Reputation: 125
I'm having trouble finding the right sql query. I want to select all the rows with a unique x value and if there are rows with the same x value, then I want to select the row with the greatest y value. As an example I've put a part of my database below.
ID x y
1 2 3
2 1 5
3 4 6
4 4 7
5 2 6
The selected rows should then be those with ID 2, 4 and 5.

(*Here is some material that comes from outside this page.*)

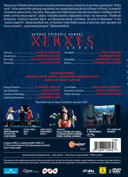 Beschreibung:Serse is one of Handel's latest and most frequently performed operas, famous for it's marvelous opening aria "Ombra mai fu." At the center of the confusing tragicomedy, very loosely based upon the life of Xerxes I of Persia, is a powerful and lovesick royal eccentric, King Serse. Rising opera star Gaelle Arquez in the title role of Serse "scintillates with her nimble, luminous mezzo-soprano", singing "irresistibly beautiful, impassioned, furious - but never mean" (Frankfurter Rundschau). Frankfurt's excellent Opern- and Museumsorchester contributes "all sorts of refinements" to this "musical smash hit" (Deutschlandfunk) and "In Frankfurt Tilman Kohler ensures a three-hour short abundant and furious banquett... a great evening of opera." (Deutschlandfunk)., Runningtime: 00:00:00, Labelcode CMAJ747908DVD

This is what I've got so far
SELECT *
FROM base
WHERE x IN
(
SELECT x
FROM base
HAVING COUNT(*) > 1
)
But this only results in the rows that occur more than once. I've added the tags R, postgresql and sqldf because I'm working in R with those packages.
Upvotes: 1
Views: 80
Reputation: 87064
You could try this query:
select x, max(y) from base group by x;
And, if you'd also like the id
column in the result:
select base.*
from base join (select x, max(y) from base group by x) as maxima
on (base.x = maxima.x and base.y = maxima.max);
Upvotes: 1
Reputation: 674
Example:
CREATE TABLE tmp(id int, x int ,y int);
INSERT INTO .....
test=# SELECT x, max(y) AS y FROM tmp GROUP BY x; x | y ---+--- 4 | 7 1 | 5 2 | 6
Upvotes: 0
Reputation: 1269633
Here is a typical way to formulate the query in ANSI SQL:
select b.*
from base b
where not exists (select 1
from base b2
where b2.x = b.x and
b2.y > b.y
);
In Postgres, you would use distinct on
for performance:
select distinct on (x) b.*
from base b
order by x, y desc;
Upvotes: 1